MINNEAPOLIS (WCCO) -- Philando Castile was shot at about 9 p.m. Wednesday night.

By midnight, #FalconHeightsShooting was trending on Facebook and Twitter.

Five years ago, the widespread reactions would not have happened so quickly.

Less than nine hours after the shooting, many people had already formed strong opinions about what happened.

"The way the public perceives an event is often shaped by the first things that hit social media," said Mark Osler, a former federal prosecutor and professor of law at the University of St. Thomas. "Those are playing an outsized role in terms of defining the public debate."

Two major events have changed the intersection of video and police work: Rodney King and the introduction of the smartphone.

With the recent advent of streaming video applications like Facebook Live, the video can now reach people even faster.

Osler says video of police officers can offer narratives that might have been ignored in the past.

"If she would have a different story about what happened, the police might have a different story," Osler said. "And in the public eye, we'd have those two held up, and people would tend to believe the police.

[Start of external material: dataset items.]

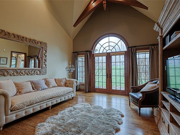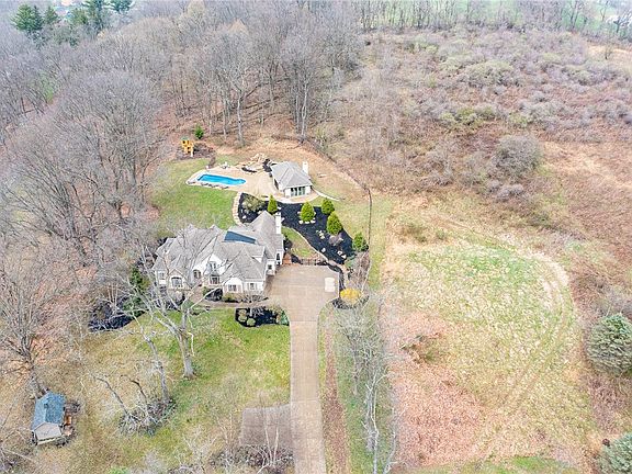 Escape to the country close to everything. Custom home on 5 private acres beautifully situated on a cul-de-sac. Architectural details & soaring ceilings, make this large home feel warm & cozy. Huge center island EIK w/stone fireplace, 2 sinks, 2DWs, & Dacor gas stove will make the even a pro chef happy. Door to vaulted covered porch with fireplace for cocktails or smores. 1st fl master wing with vaulted ceiling, fireplace, doors to separate patio, marble bath w/soaking tub, shower and dressing room vanity area. LR w/ vaulted ceiling and fireplace. Den w/glass doors, beamed and tiled fireplace & wall of bookcases. Stunning beveled glass drs entry way. Elegant frml DR. 3BRs and BA + addl. balconied room up. Walk out LL perfect for in-law suite, w/2 BRs, BA, huge LR. Amazing glass walled pool house with vaulted fl to ceiling fireplace, BA, and kitchen area, off the inground pool & waterfall/pond will provide for ultimate entertaining & relaxation. Montour Trail just access across the st.
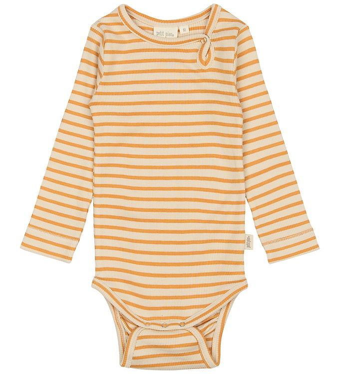 Petit Piao Body l/æ - Rib - Modal - Sunflower/Off White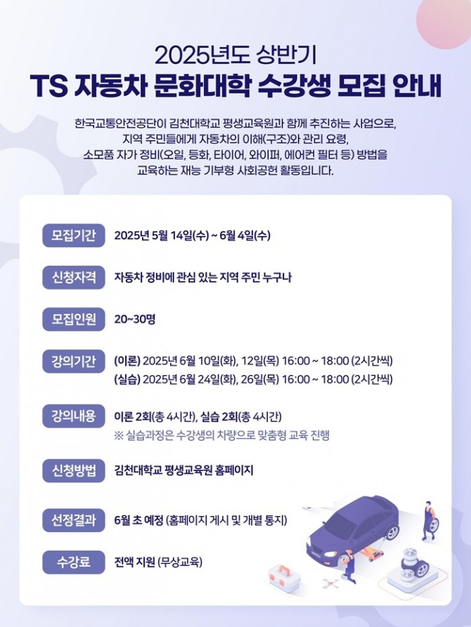 이미지 확대보기한국교통안전공단(TS)은 6월 10일부터 3주간 김천대학교 평생교육원에서 2025년 상반기 TS 자동차 문화대학을 운영한다고 23일 밝혔다.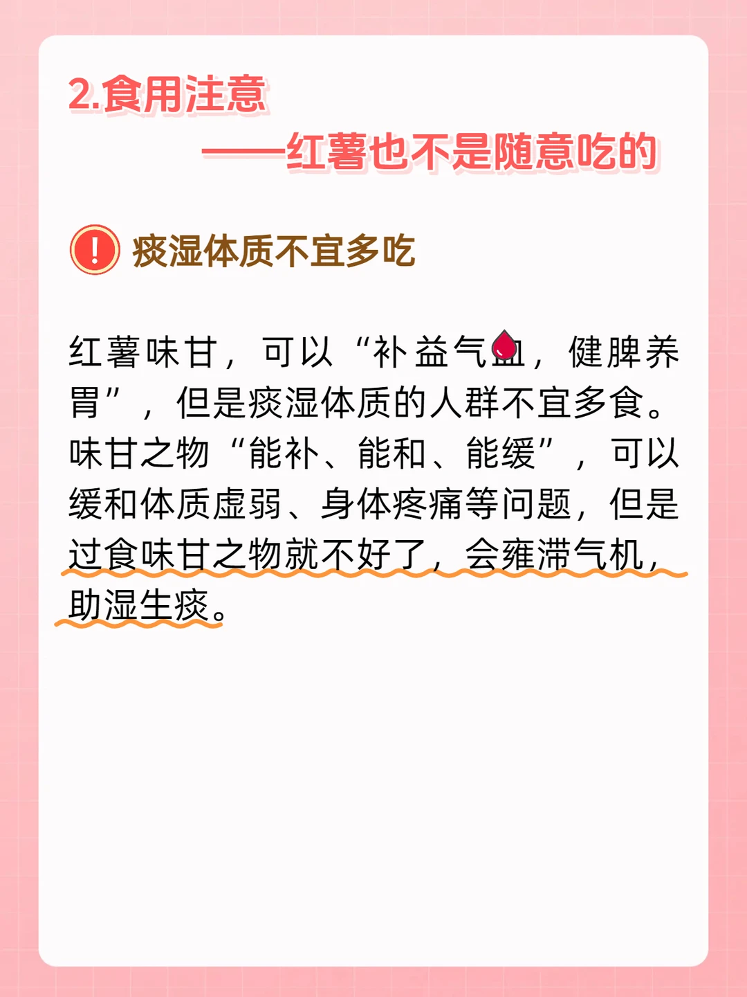 红薯味甘,可以“补益气🩸,健脾养胃”,但是痰湿体质的人群不宜多食。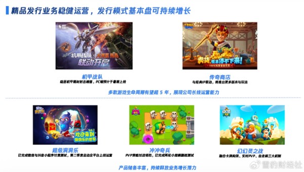 与此同时,公司持续引入海外精品作为增量来源(《冲冲奇兵》已完成两轮小规模删档测试。《幻幻灵之战》已在海外获得良好反响),形成“存量长青+新品补充”的结构,这使发行业务具备更强的稳定性与可预期性。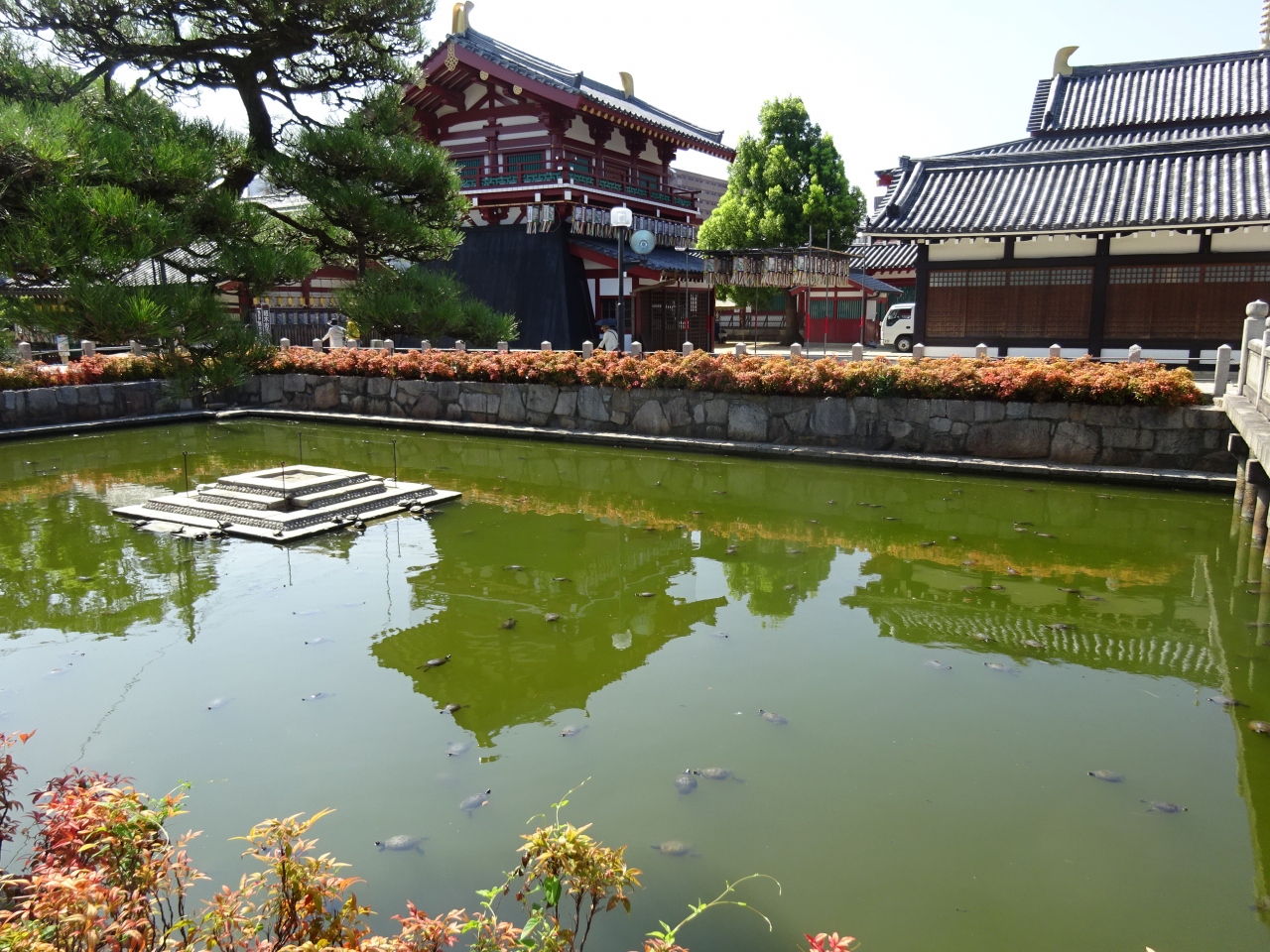 和宗総本山で、今から約1400年以上前に聖徳太子が建立した、日本仏法最初の官寺である四天王寺。外来種のアカミミガメが沢山いる、四天王寺の北側にある池です。水中、陸上を問わず、無数の亀たちがいましたが、日本のイシガメやクサガメの姿は見当たりませんでした。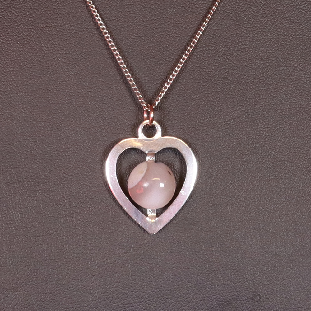 Todella kaunis ja hurmaava sydänriipus todennäköisesti 90-luvulta. Riipus on ostettu valikoimaan vanhan korukaupan jäämistöstä, joten se on täysin käyttämätön. Valmistettu hopeanvärisestä korumetallista. Riipuksessa sydämenmuotoisen raamin sisällä marmoripintainen harmaan / laventelinsävyinen kivi. Koska keskusta on aitoa kiveä, sävy vaihtelee hieman. Huom! Tuote sisältää vain riipuksen, ei kaulaketjua.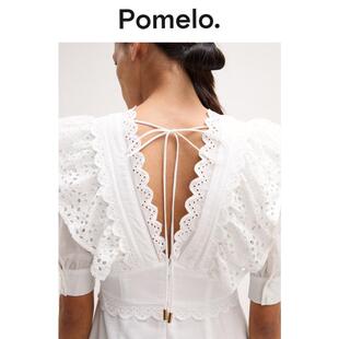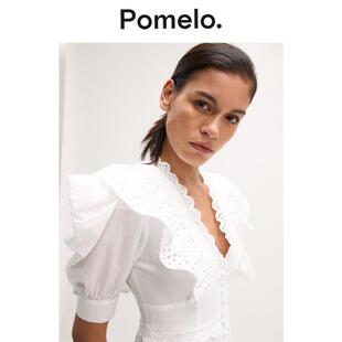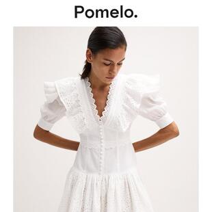 连衣裙 V领荷叶边收腰小众设计感短款 Pomelo 白色蕾丝连衣裙女法式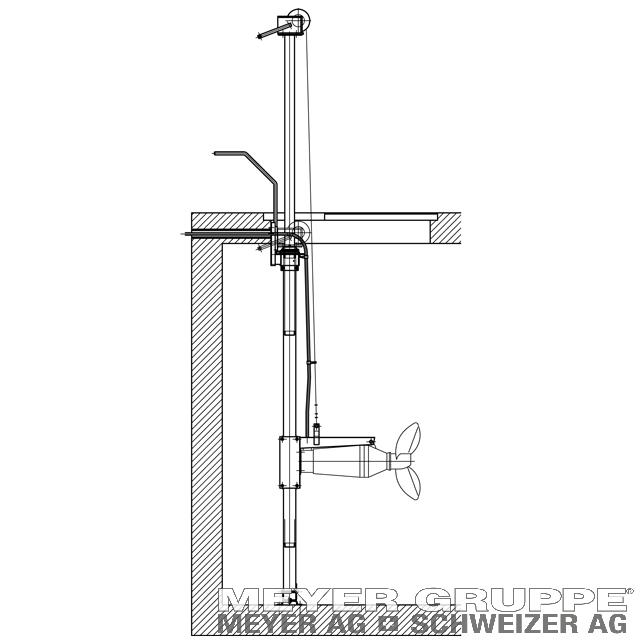 Diese Variante ist lieferbar, wenn nichts über die Grubendecke vorstehen soll (z.B. im Bereich von Durchfahrten) Das Teleskoprohr mit der aufgebauten Seilwinde kann aus dem Leitrohr herausgezogen und nach Gebrauch wieder versenkt werden. Allerdings benötigt diese Variante mehr Bedienungsaufwand! Mit dem Schwenkhebel und der Rastungsvorrichtung kann das Rührwerk horizontal geschwenkt werden. Zum Heben und Senken des Gerätes dient die aufgebaute Seilwinde. Somit kann die Rührströmung in unterschiedlicher Höhe in verschiedene Richtungen gelenkt werden. Die Bildung von Schwimmdecken oder Ablagerungen können so wirksam verhindert werden. Das 4kt-Leitrohr 100/100mm besitzt unten einen Bolzen, der am Grubenboden in einer aufgedübelten Lochplatte steckt. Die Leitrohr-Halterung oben ist an der Stirn-seite der Grubenöffnung befestigt. Die Seilschwenkaussparung in der Grubenabdeckung wird nach Gebrauch mit einem Rippenblech-Dekel abgedeckt. Alle Stahlteile im Güllebereich sind aus Chromstahl V2A gefertigt. Der elektrische Steuerungskasten wird vorteilhaft an einem witterungsgeschützten Ort montiert, womöglich in der Nähe des Rührwerkes, damit das 8m lange Kabel direkt angeschlossen werden kann.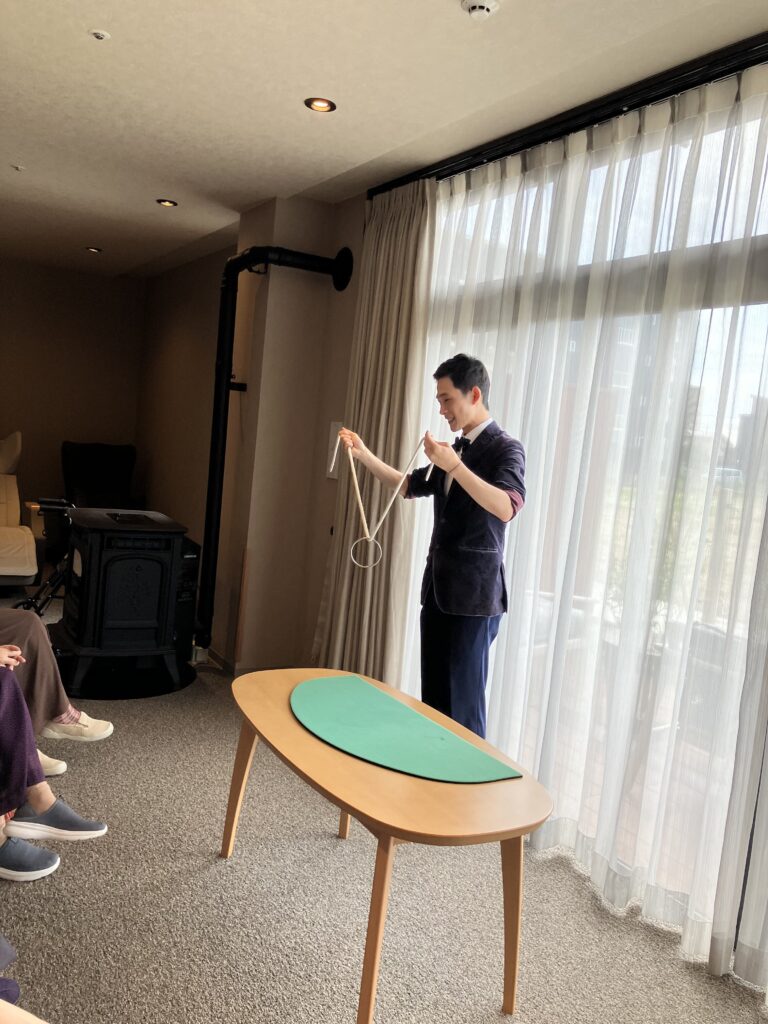 ロープを使ったマジックやリングを使ったマジックを次々と披露して頂きました。
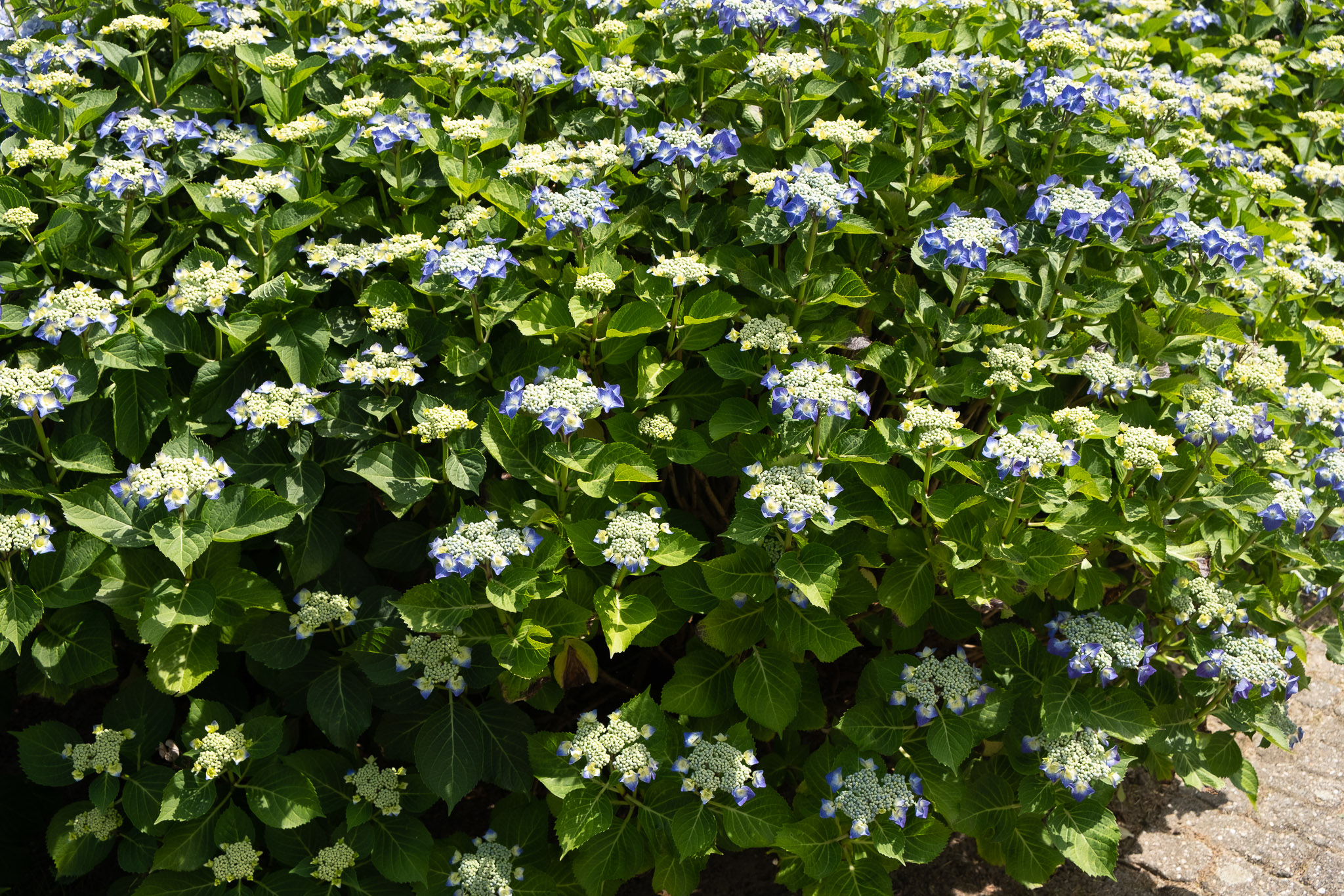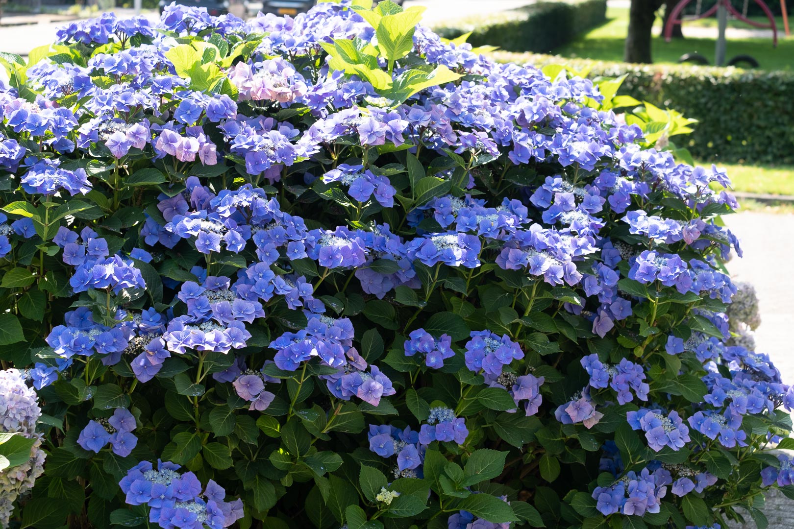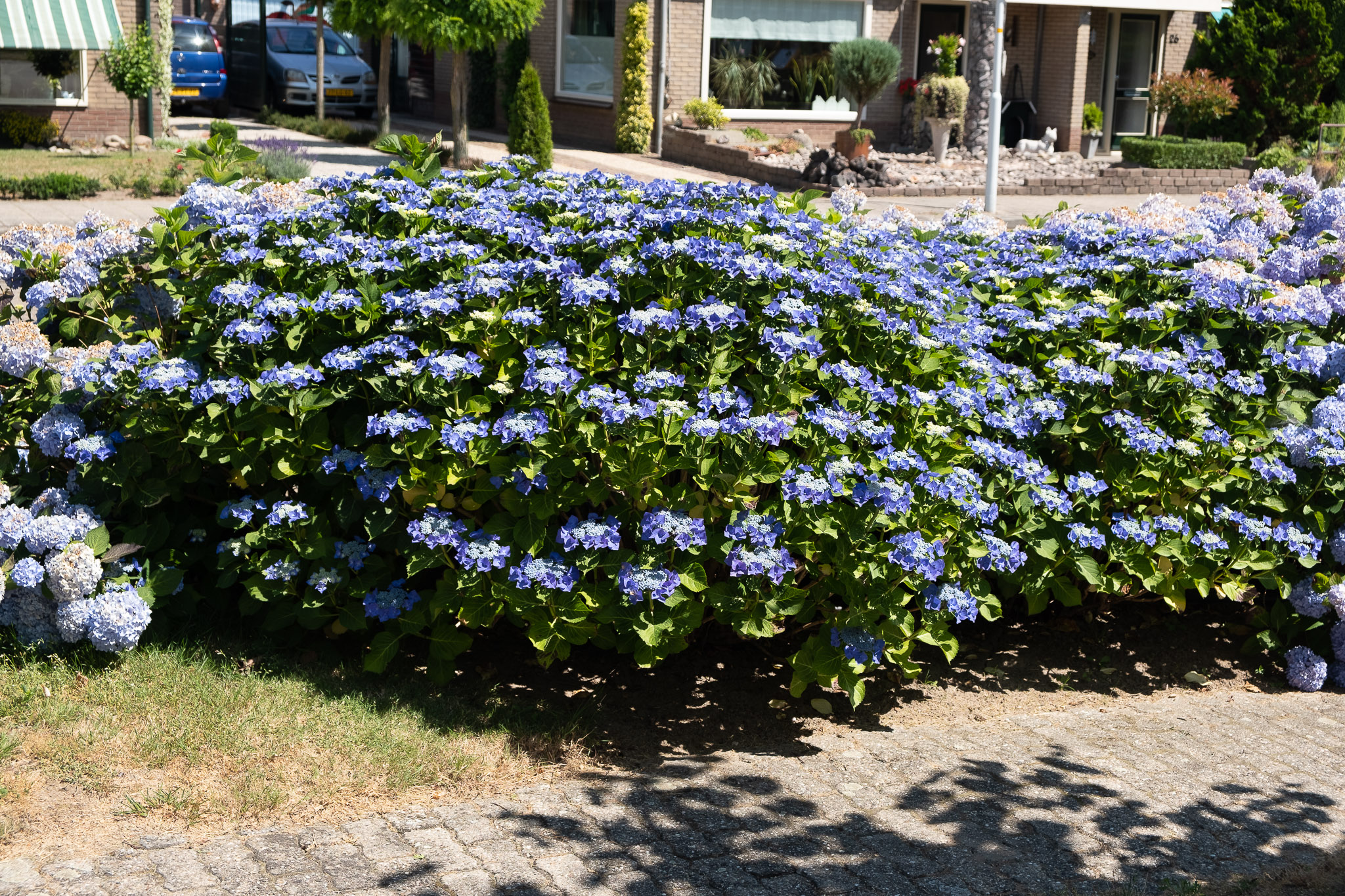 Met blauwe scherm op de hoek van de tuin Tuinstraat-Marjoleinstraat. Wordt om het jaar in maart tot op ca 15cm gesnoeid met de heggenschaar. In het andere jaar worden de oude bloemen verwijderd.Informatie

Now what we have is corroborating evidence going one way or the other."

He considers video a net positive, but says it can offer an incomplete and misleading picture of exactly what happened.

Chaska Police Chief Scott Knight does not know if smartphones and social media have changed officers' day-to-day work, but he says they are more cognizant that there is a record of their actions.

Knight says their impact could be positive depending on how that record is viewed.

"If someone were to take one video and decide what happened, that can be bad for everyone involved," Knight said.